- [WHAT THE TASK ASKS]
An exact reproduction of the lines below, from the first through the one with "型 LED 接收卡及LC1310二合一處理器頗受關(guān)注。", is the whole answer; pictures have no place in it.

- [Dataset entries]
>>

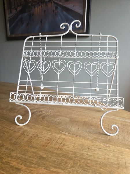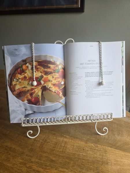 Deze kookboekhouder is niet vintage, maar heeft wel een brocante uitstraling.
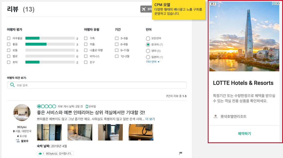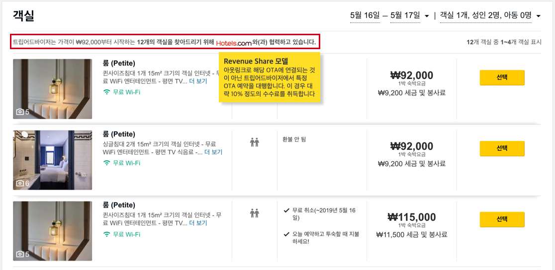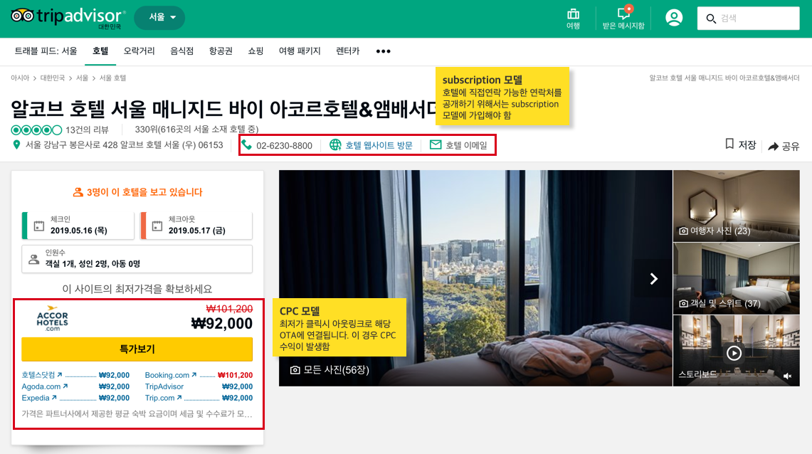 (2) 한국형 트립어드바이저 형태 : 상품 판매보다는 광고 기반 사업이 주력인 모델로 운영인력보다는 개발인력을 대폭 확장해야 합니다. 콘텐츠와 광고를 잘 믹스하는 것이 핵심 포인트! 이 모델의 한계는 트리플은 국내 아웃바운드 시장에 포커스 되어 있기 때문에 아웃바운드 시장이 정체되면 성장이 둔화될 수밖에 없습니다. 또한 현재까지는 가이드북 콘텐츠가 주력이기에 다양한 광고주를 확보하기가 어려울 수 있습니다. 아래 이미지는 트립어드바이저에서 숙소 상세정보를 조회했을 때 수익으로 연결되는 다양한 BM 샘플입니다. 링크
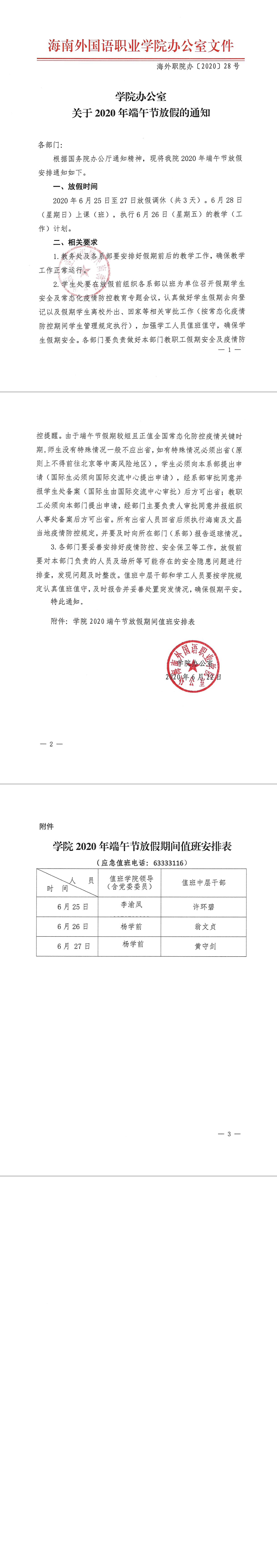 学院办公室关于2020年端午节放假的通知
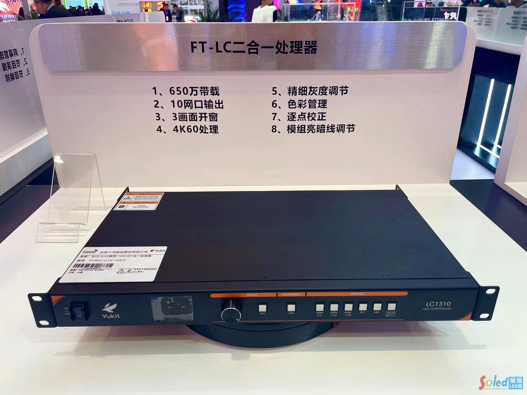 在展位的中央部分――靜態(tài)展示區(qū),小鳥科技羽控品牌呈現(xiàn)了多款旗下智能顯控系統(tǒng)產(chǎn)品,其中,UniLic LED智能顯控系統(tǒng)中的LR 系列E516 型 LED 接收卡及LC1310二合一處理器頗受關(guān)注。
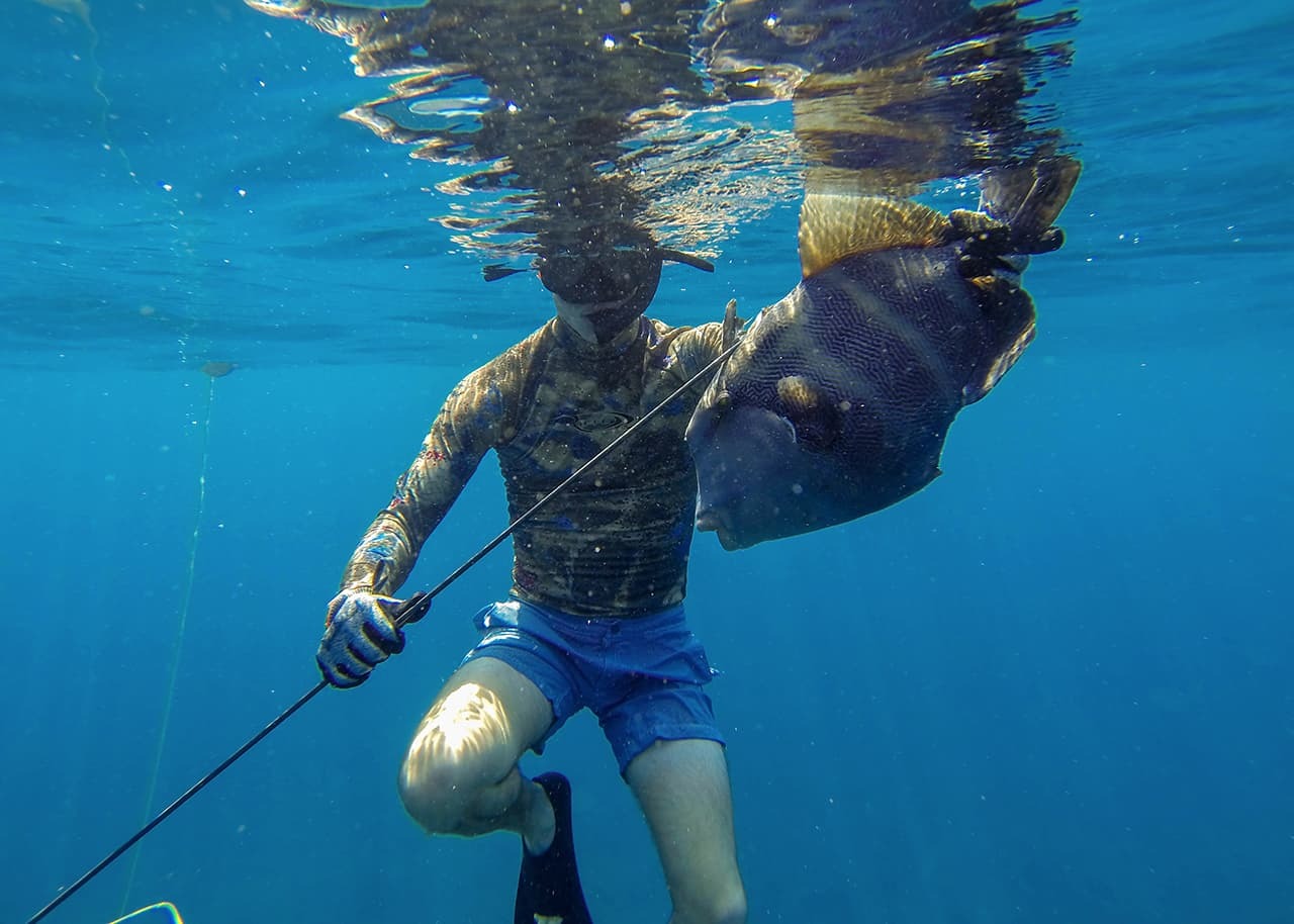 Mejore su juego con valiosos conocimientos locales de nuestros guías de lanzas sobre los peces comestibles del arrecife, su comportamiento y terreno, y el equipo y las técnicas adecuadas para cada especie. Refina tus técnicas de camuflaje y emboscada mientras buscas en las cuevas del arrecife deliciosas especies de pargos, o entra en acción mientras jureles o caballas españolas asaltan el borde del arrecife.
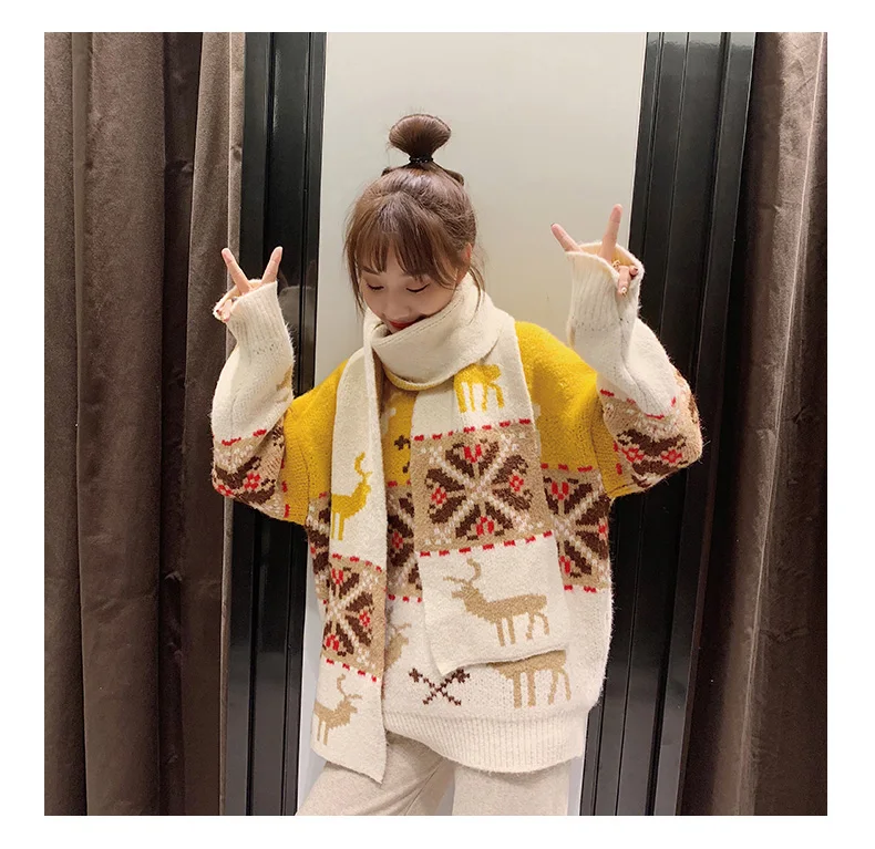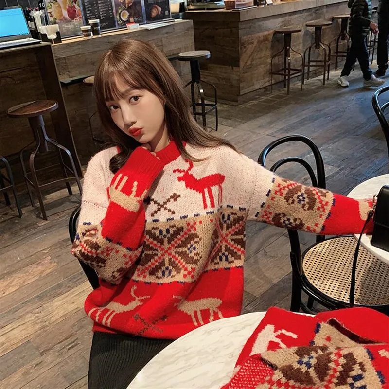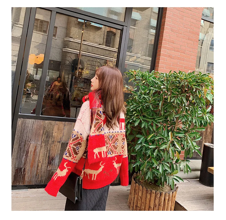 Special Offer Christmas New Year Retro Red Sweater Women s Head Thicken 2019 Autumn and Winter New Loose Thick Wool Jacket Top Discount 50% Today!

<<

- [ANSWER BELOW]
 Deze kookboekhouder is niet vintage, maar heeft wel een brocante uitstraling.
 (2) 한국형 트립어드바이저 형태 : 상품 판매보다는 광고 기반 사업이 주력인 모델로 운영인력보다는 개발인력을 대폭 확장해야 합니다. 콘텐츠와 광고를 잘 믹스하는 것이 핵심 포인트! 이 모델의 한계는 트리플은 국내 아웃바운드 시장에 포커스 되어 있기 때문에 아웃바운드 시장이 정체되면 성장이 둔화될 수밖에 없습니다. 또한 현재까지는 가이드북 콘텐츠가 주력이기에 다양한 광고주를 확보하기가 어려울 수 있습니다. 아래 이미지는 트립어드바이저에서 숙소 상세정보를 조회했을 때 수익으로 연결되는 다양한 BM 샘플입니다. 링크
 学院办公室关于2020年端午节放假的通知
 在展位的中央部分――靜態(tài)展示區(qū),小鳥科技羽控品牌呈現(xiàn)了多款旗下智能顯控系統(tǒng)產(chǎn)品,其中,UniLic LED智能顯控系統(tǒng)中的LR 系列E516 型 LED 接收卡及LC1310二合一處理器頗受關(guān)注。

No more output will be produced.